Direct Consular Filing (DCF) is a process related to immigration to the United States whereby Form I-130 (Petition for Alien Relative), I-360 (Petition for Amerasian, Widow(er), or Special Immigrant), or I-600 (Petition to Classify Orphan as an Immediate Relative), is filed with a United States embassy or consulate in another country rather than with the United States Citizenship and Immigration Services lockbox or service center facilities located within the US. The approved form can then be used to obtain an IR or CR visa within the same country. DCF is available only under exceptional circumstances and can only be done in the country where the petitioner (who, in the case of Forms I-130 and I-600, is distinct from the eventual visa applicant) legally resides.

==Conditions for Direct Consular Filing==

===Official rules===

The regular application process for people outside the United States who wish an approval for Form I-130, I-360, or I-600 is to submit the application to the USCIS lockbox facility in Chicago, Illinois. However, there are some exceptions:

- For Form I-130 petitions, U.S. Embassies and Consulates may accept I-130 petition filings from petitioners who believe they have exceptional situations that would merit an exception from filing by mail to the USCIS Chicago Lockbox. Petitioners who believe that their situation merits an exception may contact the nearest U.S. Embassy or Consulate to request an exception and explain their circumstances in detail. Each request for an exception will be evaluated individually and must be authorized by the USCIS office that is responsible for that specific U.S. embassy or consulate.
- For Form I-360 and Form I-600, applications will be accepted by the embassy or consulate provided there is no USCIS office in the country.

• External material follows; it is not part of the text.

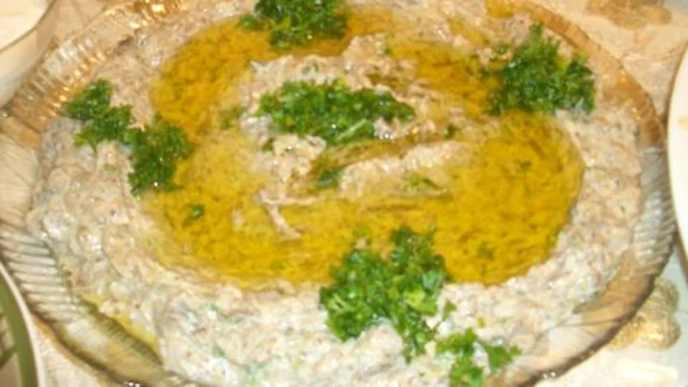 - إزالة الباذنجان من الفرن وتركه ليبرد، ثمّ إخراج اللب منه باستخدام ملعقة ووضعه في طبق عميق، وتقشير البصل أيضاً.
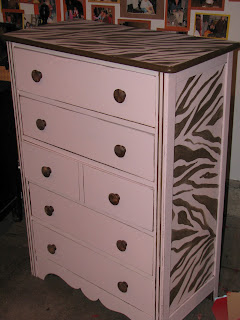 So, one night I sat in the garage and put the old, original wood handles back on it. And whipped out a zebra print paint on it.

The DCF petitioner must reside legally in the consular district of the U.S. Embassy or Consulate at which he or she is requesting to file. Further, a visa applicant for whom a petition is filed with a U.S. Embassy or Consulate must be able to remain in the country where the embassy or consulate is located for the time it takes to process the visa, since a petition approved by an embassy or consulate can only be used to apply for a visa from the same embassy or consulate.

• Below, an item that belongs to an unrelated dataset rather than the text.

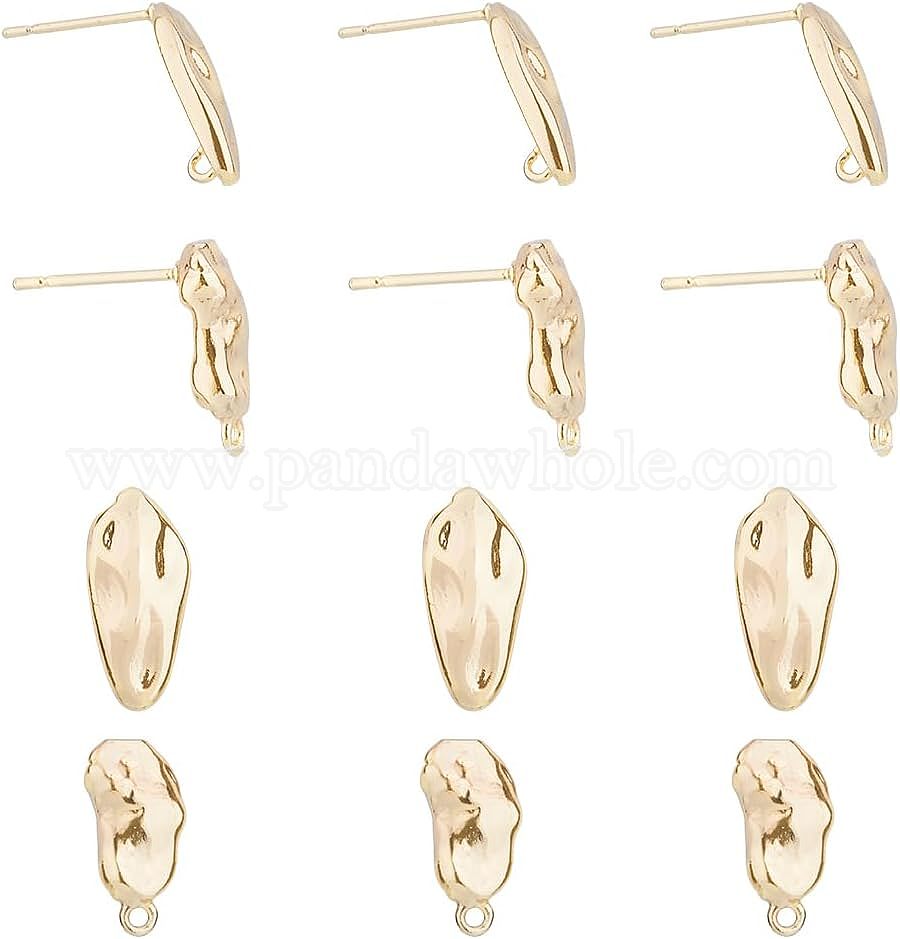 • Настоящее золото 18K 12шт 2 латунные серьги-гвоздики в стиле фурнитуры, с горизонтальными петлями и пластиковыми ушными гайками 30шт., реальный 18 k позолоченный, 13.5x6.5 мм, отверстие : 1.2 мм, 16.5x7.5 мм, отверстие : 1.4 мм, штифты : 0.7 мм, 6 шт / стиль

===Consulates where DCF is available and the rules used by these consulates===

The embassy or consulate that processes the Form I-130 petition may differ from the one whose consular district the petitioner applies from (which is also where the applicant will appear for the visa interview), because not all embassies or consulates in a country can process DCF petitions. For instance, in India, only the Delhi embassy can process DCF petitions.